- Exercise objective
Give back the whole listing exactly as written, leaving out each picture.

*** Available data ***

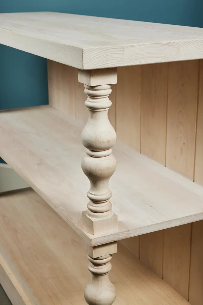 Custom 3-Tier Wall Console With Shelves, Turned Wood Column Accent
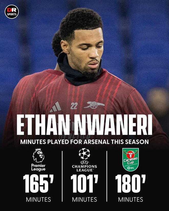 赛季至今,恩瓦内里仅为枪手出场11次,其中3次首发,打入了1粒进球。相比上赛季的37场出场,首发16次,恩瓦内里的出场场次下降明显。事实上,这位才华横溢的18岁小将尚未在英超联赛中先发出场。尽管已有6次登场,几乎全部以替补中场的身份亮相。
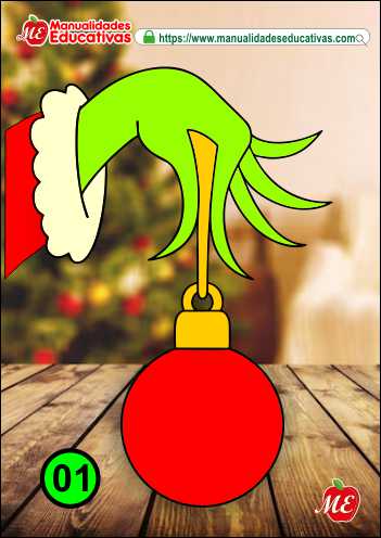 Características: Se utiliza cartulina o papel para hacer un círculo plegado (rosetón) y se le pega el rostro del Grinch recortado.

***

- Solution to the exercise
 Custom 3-Tier Wall Console With Shelves, Turned Wood Column Accent
 赛季至今,恩瓦内里仅为枪手出场11次,其中3次首发,打入了1粒进球。相比上赛季的37场出场,首发16次,恩瓦内里的出场场次下降明显。事实上,这位才华横溢的18岁小将尚未在英超联赛中先发出场。尽管已有6次登场,几乎全部以替补中场的身份亮相。
 Características: Se utiliza cartulina o papel para hacer un círculo plegado (rosetón) y se le pega el rostro del Grinch recortado.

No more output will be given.